La tentation cubaine de Hugo Chavez

Por Venezuela Real - 19 de Noviembre, 2007, 16:41, Categoría: Prensa Internacional

Renaud Girard
Le Figaro - France
19 Novembre, 2007

Attendu demain à Paris, le président vénézuélien doit rencontrer Nicolas Sarkozy pour évoquer le sort d’Ingrid Betancourt.

Fidèle à son habitude, Hugo Chavez a provoqué quel-ques remous au sommet de l’Opep, samedi à Ryad, en déclarant que l’organisation «devrait s’établir comme un agent géopolitique actif». Le président vénézuélien sera en visite officielle en France demain. Il déclarait vendredi, dans Le Figaro, qu’il avait de «bonnes nouvelles pour Nicolas Sarkozy» au sujet d’Ingrid Betancourt. Nous l’avons suivi en campagne pour le référendum constitutionnel du 2 décembre prochain.

Les américains n’ont vraiment pas de chance. Ils en avaient presque fini, pour cause de maladie, avec Castro, et voilà que, dans les mêmes Caraïbes, un autre leader charismatique a repris le flambeau de la «lutte anti-impérialiste».

Président du Venezuela depuis 1998, le Commandante Hugo Chavez, qui ne fume pas et ne boit que du café, a une santé de fer. Ce mardi 13 novembre au soir, revêtu de sa chemise rouge de militant socialiste bolivarien, juché sur un camion fendant une foule extatique de partisans, le visage radieux et le poing levé, il ne fait pas du tout ses 53 ans. Roulant au pas, précédée d’un camion de télévision filmant et transmettant en direct l’événement, la «grande caravane» présidentielle n’en finit pas de traverser les faubourgs populaires de Barquisimeto, quatrième ville du pays (400 km à l’ouest de Caracas).

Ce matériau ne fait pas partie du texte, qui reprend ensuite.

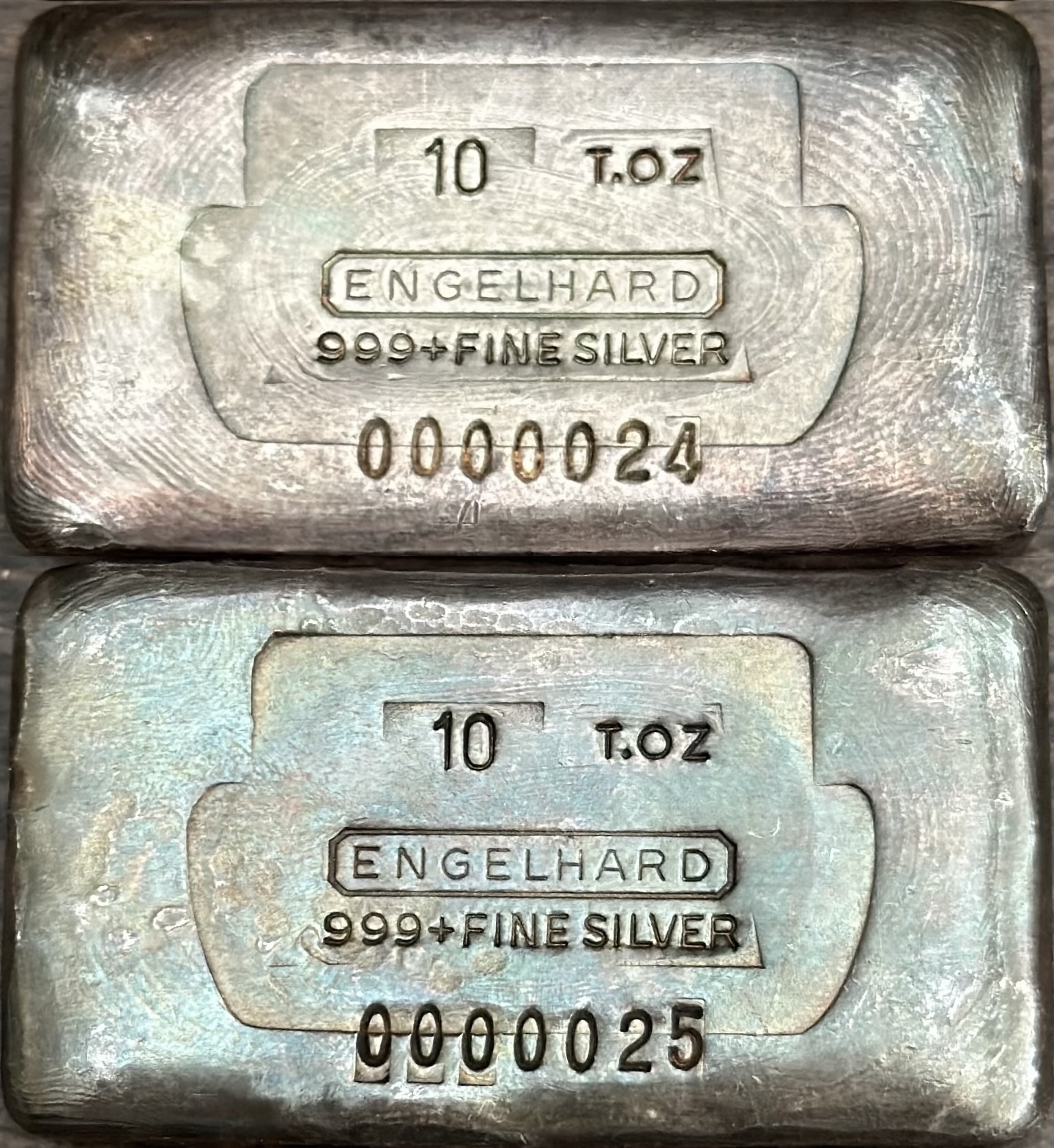- Most Engelhard 10oz class silver bars have serial numbers.
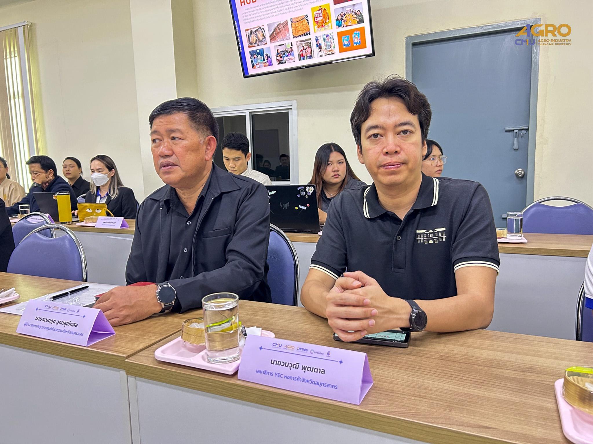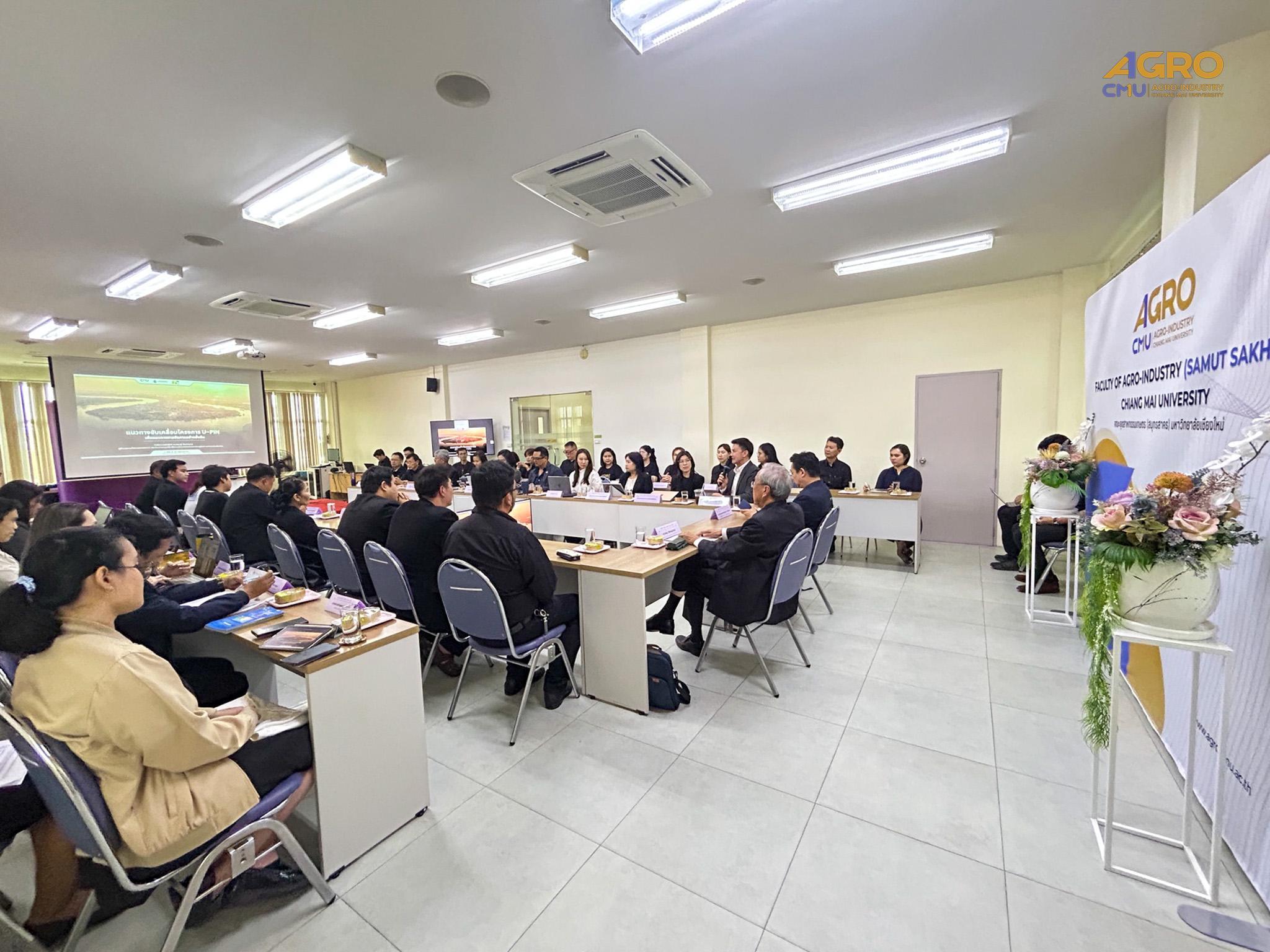 On October 31, 2025, the Faculty of Agro-Industry (Samut Sakhon), in collaboration with the University Academic Service Center (UNISERV), the School of Lifelong Education (LE), and the Multidisciplinary and Interdisciplinary School (MIdS), convened a consultative meeting to explore collaborative strategies for advancing the development of Samut Sakhon Province. The event, held at the Faculty of Agro-Industry (Samut Sakhon), Chiang Mai University, saw the participation of 40 representatives from both government and private sectors who engaged in an exchange of insights. This discussion operated within the U-PIN CMU (University–Planet–Innovation–Network) framework, specifically aiming to promote the “Blue Carbon” concept for the sustainable restoration and management of marine and coastal resources, thereby contributing to Thailand’s Net Zero 2050 goal. The meeting represents a crucial step for Chiang Mai University in leveraging its knowledge, research, and innovation to drive the sustainable development of Samut Sakhon through comprehensive multi-sectoral collaboration.
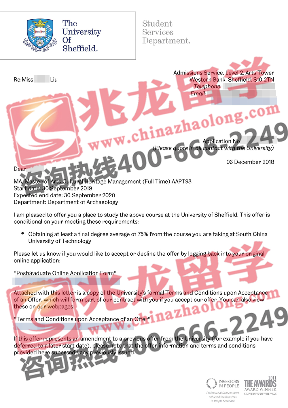 恭喜刘同学获得谢菲尔德大学文化产业管理录取通知书

Chavez est venu faire campagne pour le oui au référendum qu’il a convoqué pour le 2 décembre, aux fins de modifier la Constitution.

Plus doué que le meilleur des télévangélistes américains

L’organisation est impressionnante. Tous les deux cents mètres, il y a un stand d’une des innombrables institutions «révolutionnaires» créées depuis les quatre dernières années, et financées directement par le palais présidentiel avec l’argent du pétrole. Tous les jours que le bon Dieu fait, la République bolivarienne du Venezuela perçoit quelque 200 millions de dollars de la manne pétrolière. «Mission Che Guevara, j’appuie le président !», hurlent, sur un rythme de samba, les militants chargés de conscientiser les masses populaires aux idéaux révolutionnaires.

«Si, si, si, con Chavez !» («oui, oui, oui, avec Chavez»), chantent, en se balançant, les militants et militantes de la mission Robinson. Baptisée du nom du précepteur de Simon Bolivar, le héros de la guerre d’indépendance du début du XIXe siècle, la mission Robinson est chargée d’aller alphabétiser les barrios, les quartiers populaires.

Service d’ordre parfait, une chaîne humaine de jeunes gens en chemise rouge entoure la caravane présidentielle. Ils appartiennent au Commando Zamora (du nom d’un chef révolutionnaire de la guerre civile de 1859), organisation électorale du mouvement chaviste, à laquelle sont tenus d’adhérer tous les élus, nationaux ou locaux, partisans du président.

Dans la foule, des banderoles proclament «la patrie, le socialisme ou la mort», des drapeaux rouges portent l’effigie de Lénine, des portraits de George Bush sont affublés de la mention «terroriste». On entend des détonations. Chavez ne bronche pas. Ce sont des feux d’artifice, tirés au-dessus de la caravane. «La sécurité du président ? C’est le peuple entier qui l’assure !», explique un militant du Commando Zamora.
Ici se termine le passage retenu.